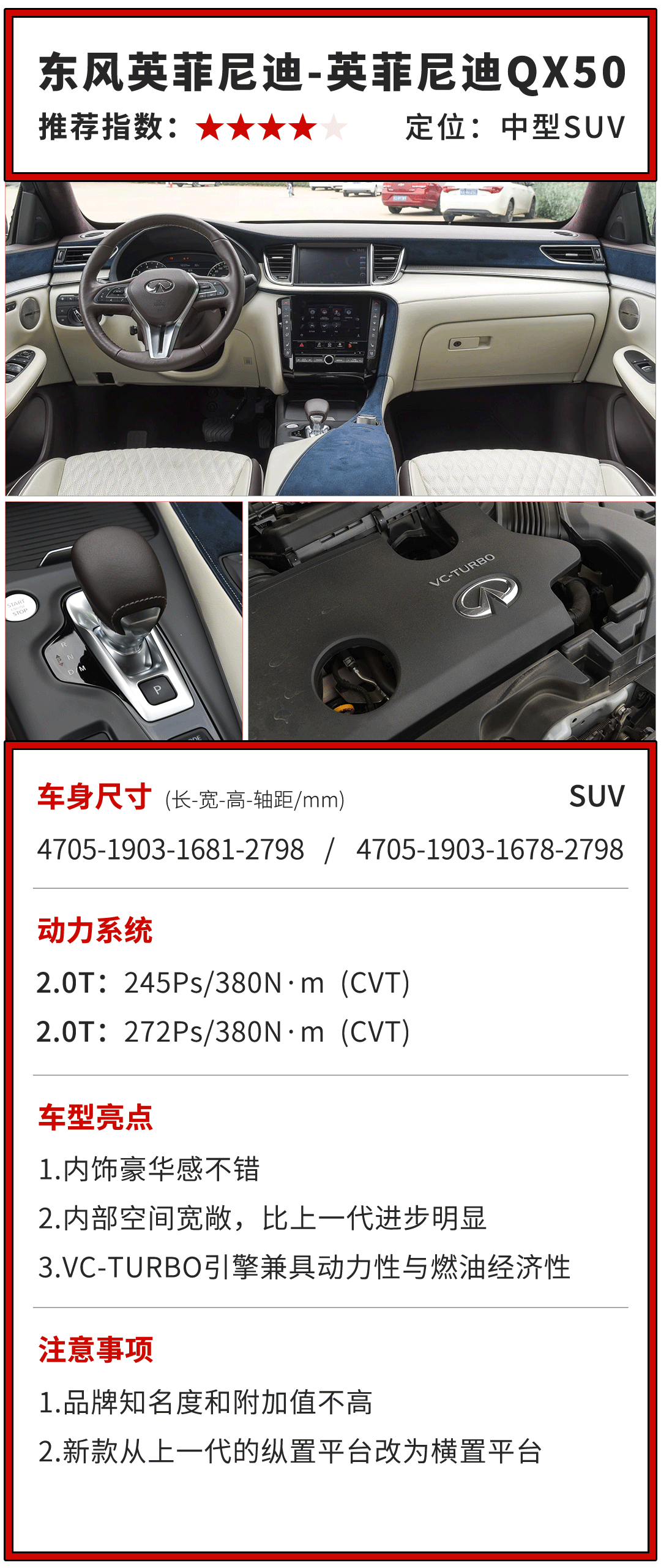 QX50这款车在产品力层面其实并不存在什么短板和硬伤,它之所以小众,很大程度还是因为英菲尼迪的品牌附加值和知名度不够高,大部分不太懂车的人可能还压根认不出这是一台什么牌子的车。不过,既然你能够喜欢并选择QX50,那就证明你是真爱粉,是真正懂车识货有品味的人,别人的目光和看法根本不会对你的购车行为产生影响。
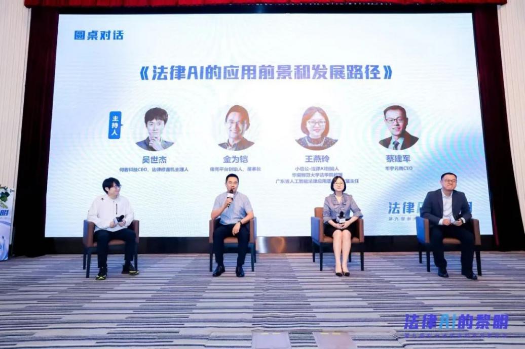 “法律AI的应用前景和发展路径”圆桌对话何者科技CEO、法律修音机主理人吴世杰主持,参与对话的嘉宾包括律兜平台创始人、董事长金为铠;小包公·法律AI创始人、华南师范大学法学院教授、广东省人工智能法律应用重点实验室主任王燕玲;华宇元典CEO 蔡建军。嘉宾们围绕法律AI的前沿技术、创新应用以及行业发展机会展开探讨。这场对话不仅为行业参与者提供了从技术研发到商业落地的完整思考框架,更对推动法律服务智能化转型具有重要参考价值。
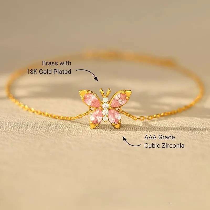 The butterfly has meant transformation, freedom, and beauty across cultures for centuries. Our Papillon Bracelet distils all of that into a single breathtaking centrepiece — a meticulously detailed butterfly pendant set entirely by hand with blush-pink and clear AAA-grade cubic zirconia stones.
==
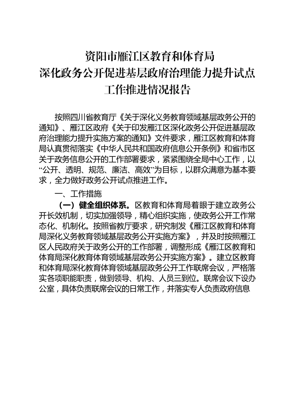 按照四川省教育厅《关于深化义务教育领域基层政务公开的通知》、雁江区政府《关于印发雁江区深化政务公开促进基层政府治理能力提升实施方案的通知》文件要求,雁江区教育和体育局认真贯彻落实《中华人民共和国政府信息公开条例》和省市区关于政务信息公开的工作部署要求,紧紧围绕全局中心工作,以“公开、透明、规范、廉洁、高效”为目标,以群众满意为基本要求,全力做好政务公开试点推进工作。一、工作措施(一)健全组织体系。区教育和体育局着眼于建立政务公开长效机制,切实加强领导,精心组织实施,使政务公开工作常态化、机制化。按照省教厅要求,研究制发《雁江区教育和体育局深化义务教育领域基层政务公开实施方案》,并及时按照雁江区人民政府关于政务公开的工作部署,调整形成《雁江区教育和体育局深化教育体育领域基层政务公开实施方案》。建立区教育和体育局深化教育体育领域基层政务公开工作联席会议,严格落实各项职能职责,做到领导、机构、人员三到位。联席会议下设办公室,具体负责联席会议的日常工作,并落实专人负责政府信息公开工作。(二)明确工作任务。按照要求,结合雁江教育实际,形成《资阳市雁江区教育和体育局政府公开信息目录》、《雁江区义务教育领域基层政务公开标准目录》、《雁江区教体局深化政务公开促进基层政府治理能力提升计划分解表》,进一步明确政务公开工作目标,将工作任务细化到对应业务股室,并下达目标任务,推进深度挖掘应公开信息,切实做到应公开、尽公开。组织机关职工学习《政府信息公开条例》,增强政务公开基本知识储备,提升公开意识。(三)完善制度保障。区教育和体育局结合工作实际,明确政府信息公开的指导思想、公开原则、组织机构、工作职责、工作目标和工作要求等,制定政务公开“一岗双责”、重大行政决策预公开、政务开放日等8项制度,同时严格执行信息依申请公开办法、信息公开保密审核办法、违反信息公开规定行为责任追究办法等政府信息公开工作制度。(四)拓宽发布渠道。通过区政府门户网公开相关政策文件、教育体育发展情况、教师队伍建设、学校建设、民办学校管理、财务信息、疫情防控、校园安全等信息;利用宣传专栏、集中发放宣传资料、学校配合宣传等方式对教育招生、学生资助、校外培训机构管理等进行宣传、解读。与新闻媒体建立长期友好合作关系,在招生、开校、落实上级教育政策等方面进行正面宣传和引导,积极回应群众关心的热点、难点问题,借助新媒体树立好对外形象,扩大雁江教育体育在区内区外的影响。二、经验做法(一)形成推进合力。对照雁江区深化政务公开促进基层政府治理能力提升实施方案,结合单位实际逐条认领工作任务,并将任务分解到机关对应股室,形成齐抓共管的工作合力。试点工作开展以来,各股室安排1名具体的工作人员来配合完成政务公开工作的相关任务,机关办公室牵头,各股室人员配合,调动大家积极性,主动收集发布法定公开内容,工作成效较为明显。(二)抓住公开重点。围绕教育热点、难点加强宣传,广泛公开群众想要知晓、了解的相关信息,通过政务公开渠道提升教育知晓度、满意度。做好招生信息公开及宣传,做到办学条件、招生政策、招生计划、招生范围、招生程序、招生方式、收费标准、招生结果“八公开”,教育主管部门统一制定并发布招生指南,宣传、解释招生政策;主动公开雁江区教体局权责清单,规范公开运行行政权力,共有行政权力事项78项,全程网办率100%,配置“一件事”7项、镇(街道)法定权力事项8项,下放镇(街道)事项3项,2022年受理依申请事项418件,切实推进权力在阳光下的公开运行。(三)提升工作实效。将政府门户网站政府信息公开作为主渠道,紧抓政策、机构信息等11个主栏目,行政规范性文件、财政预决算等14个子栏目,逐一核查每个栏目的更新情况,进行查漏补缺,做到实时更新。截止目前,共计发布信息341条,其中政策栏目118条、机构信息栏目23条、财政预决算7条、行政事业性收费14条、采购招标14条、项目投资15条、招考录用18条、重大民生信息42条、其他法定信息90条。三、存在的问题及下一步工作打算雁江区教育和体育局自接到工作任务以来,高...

### Instructions to follow
Would you copy out, exactly and with no pictures, only the lines above from the one that contains "QX50这款车在产品力层面其" through the one that contains "The butterfly has"?

### Result of the task
 QX50这款车在产品力层面其实并不存在什么短板和硬伤,它之所以小众,很大程度还是因为英菲尼迪的品牌附加值和知名度不够高,大部分不太懂车的人可能还压根认不出这是一台什么牌子的车。不过,既然你能够喜欢并选择QX50,那就证明你是真爱粉,是真正懂车识货有品味的人,别人的目光和看法根本不会对你的购车行为产生影响。
 “法律AI的应用前景和发展路径”圆桌对话何者科技CEO、法律修音机主理人吴世杰主持,参与对话的嘉宾包括律兜平台创始人、董事长金为铠;小包公·法律AI创始人、华南师范大学法学院教授、广东省人工智能法律应用重点实验室主任王燕玲;华宇元典CEO 蔡建军。嘉宾们围绕法律AI的前沿技术、创新应用以及行业发展机会展开探讨。这场对话不仅为行业参与者提供了从技术研发到商业落地的完整思考框架,更对推动法律服务智能化转型具有重要参考价值。
 The butterfly has meant transformation, freedom, and beauty across cultures for centuries. Our Papillon Bracelet distils all of that into a single breathtaking centrepiece — a meticulously detailed butterfly pendant set entirely by hand with blush-pink and clear AAA-grade cubic zirconia stones.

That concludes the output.